Недоумение, тревога, страх, дикий, первобытный ужас – он заново испытал всю гамму этих чувств, пережитых совсем недавно, когда обхватив обмякшее тело своей супруги, растерянно замер среди бестолково суетящихся вокруг людей.
Захлопнувшаяся дверь реанимобиля отделила его от прошлого: вопросов, что лучше купить, свинину или более дешевую говядину на кости, проблем выбора печенья и картошки, которая за последнюю неделю вновь поднялась в цене…
Теперь их покупки валяются где – то там, в картофельных рядах на рынке.
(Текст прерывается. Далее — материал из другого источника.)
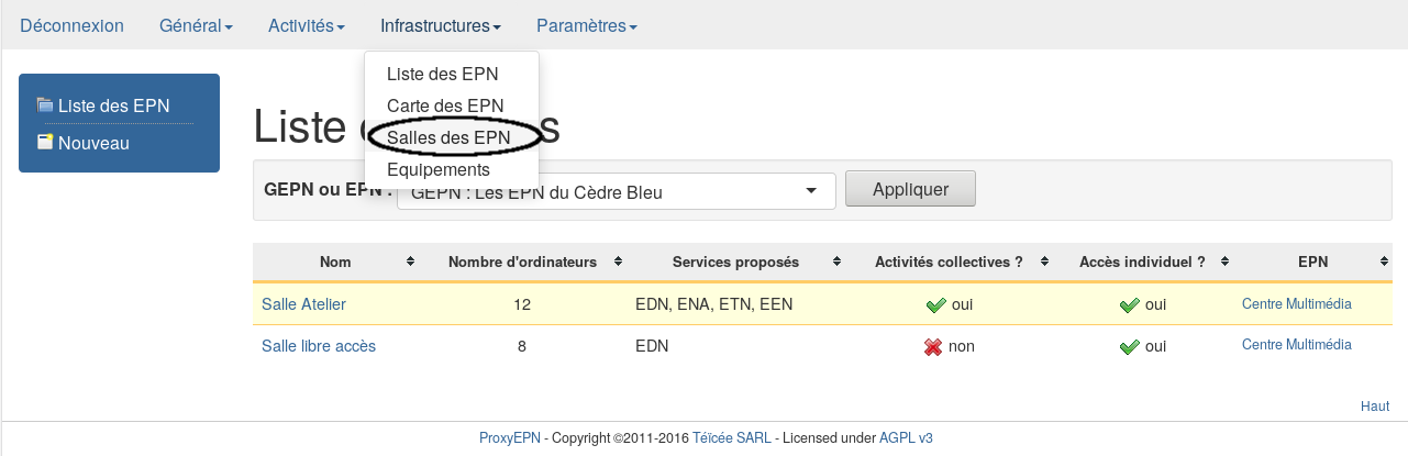 Prenons l’exemple d’un EPN qui possèderait deux salles :
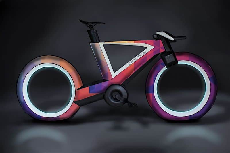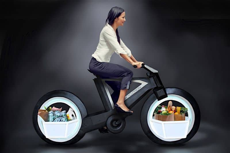 Dieses Fahrrad sieht aus, als würde es direkt aus dem Film «Tron» stammen. «Cyclotron» nennt es sich und wurde von einem Kreativteam aus Los Angeles entworfen. Im Gegensatz zu üblichen Bike-Konzepten haben die Designer beim Cyclotron auf zwei wichtige Komponenten verzichtet: Es verfügt weder über Naben noch Speichen. Ziel dessen ist, einen schlankeren und aerodynamischeren Look zu erzeugen. Der Rahmen besteht dabei aus einem ultraleichten Kohlefaser-Verbund, der zusätzlich für Fliegengewicht sorgt. Ein cooles Gimmick sind die Körbe, die sich in die speichenlosen Räder einklinken lassen und Platz für den kleinen Einkauf nach der Arbeit oder Ähnliches bieten. In die Radkästen integrierte LED sorgen bei Nacht für super Sichtbarkeit, ausserdem bringt Cyclotron eine App mit, die das Smartphone zum Fahrradcomputer macht…
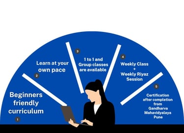 Experience the richness of Hindustani Classical from the comfort of your home, with expert guidance and personalised attention.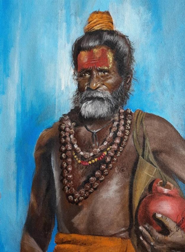 a3 sized acrylic portrait of a Nagasadhu This portrait is depicting culture of India and its heritage . We are blessed with a great tradition and this portrait is a tribute to it.
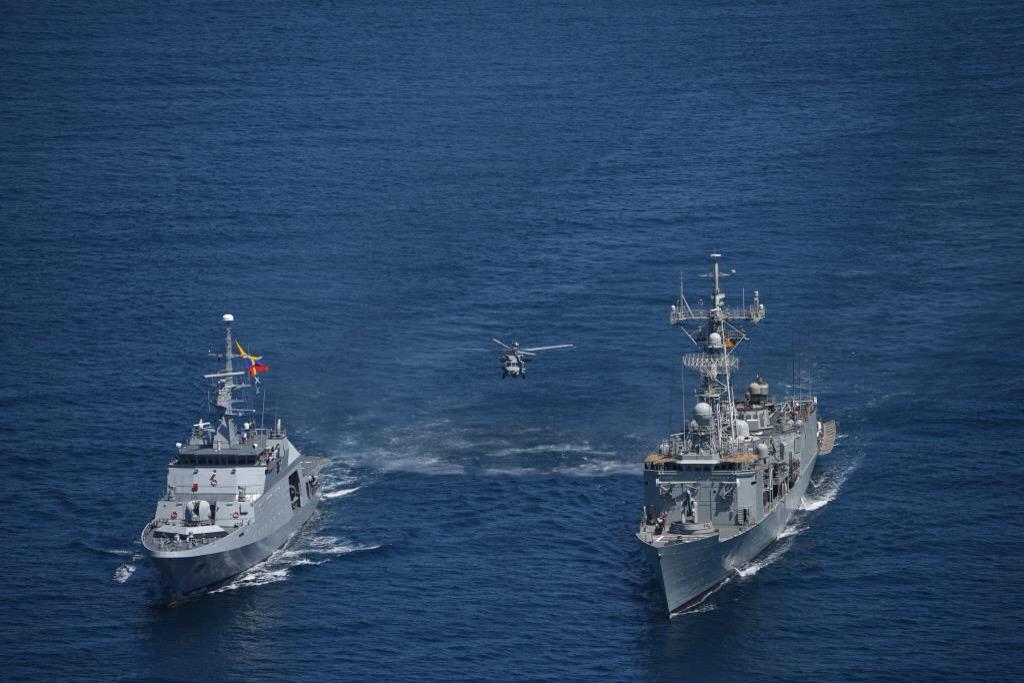 Encuentro en la mar, fragata VICTORIA Armada_ y "7 AGOSTO" armada de colombia. Combaten contra piratería en Índico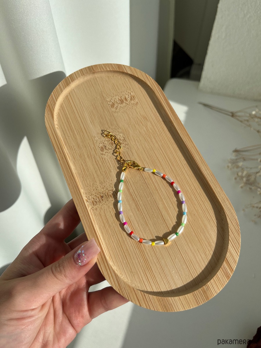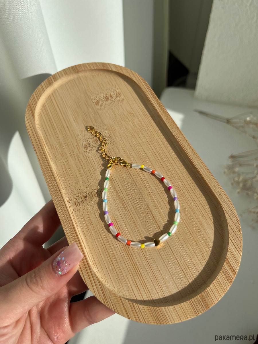 Bransoletka z lśniących koralików to dodatek pasujący do wielu stylizacji.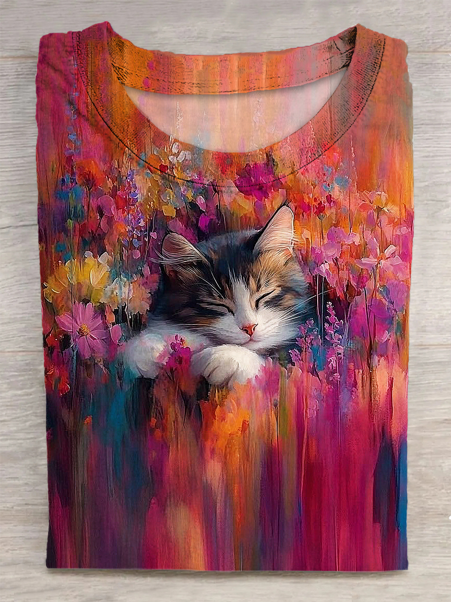 Cat Printed Vintage Fashion Loose Short Sleeve T-Shirt

Странно, что он вспомнил об этом только сейчас, ведь холодильник почти пустой, и завтра вновь придется идти на рынок. А денег до пенсии осталось совсем мало.
- Господи, о чем это я? Она умирает, а мне в голову лезет такая чушь.
- Умирает? Это почему я так решил? Нет, она выкарабкается. Она у меня молодец. Непременно отойдет. Только нужно немного подождать. Сейчас проведут обследование, и станет ясно, что никакого инсульта нет. Просто давление. Гипертонический криз. Такое с нею бывало не раз.
Заслышав тихий щелчок замка, он вздрогнул, и бросился к двери, едва не сбив с ног медсестру, держащую в руках штатив с пробирками. Смерив его презрительным взглядом, девушка, звонко цокая каблучками, скрылась в конце коридора.
 
Доктор, с которым они беседовали на приемном покое, появился только через час.
- Ничего утешительного сказать не могу. Субарахноидально – паренхиматозное кровоизлияние. Состояние крайне тяжелое. Глубокая кома.
- Может быть, я могу чем - то помочь? – от волнения губы пересохли, и язык прилипал к небу.
- Возможно, нужны лекарства, деньги? – в голосе появились заискивающие нотки.
- Все необходимые препараты у нас есть, а вот насчет материальной поддержки… – Доктор с легкой иронией окинул взглядом пожилого мужчину в поношенном костюме.
– Вы не похожи на нового русского, способного оказать спонсорскую помощь отделению.
- Вы только скажите, я найду. Продам что нибудь. Займу.
- А вот этого делать не следует. Этим ей не поможешь. Большинство больных с такой патологией погибает, и вполне вероятно, что в ближайшие дни вас ожидают существенные затраты, связанные с похоронами.
Эти слова не стали для него новостью. За время ожидания у дверей реанимационного отделения он успел подготовить себя к самому худшему. Но сейчас, услышав из уст врача подтверждение своих страшных опасений, едва сумел сдержать навернувшиеся на глаза слезы.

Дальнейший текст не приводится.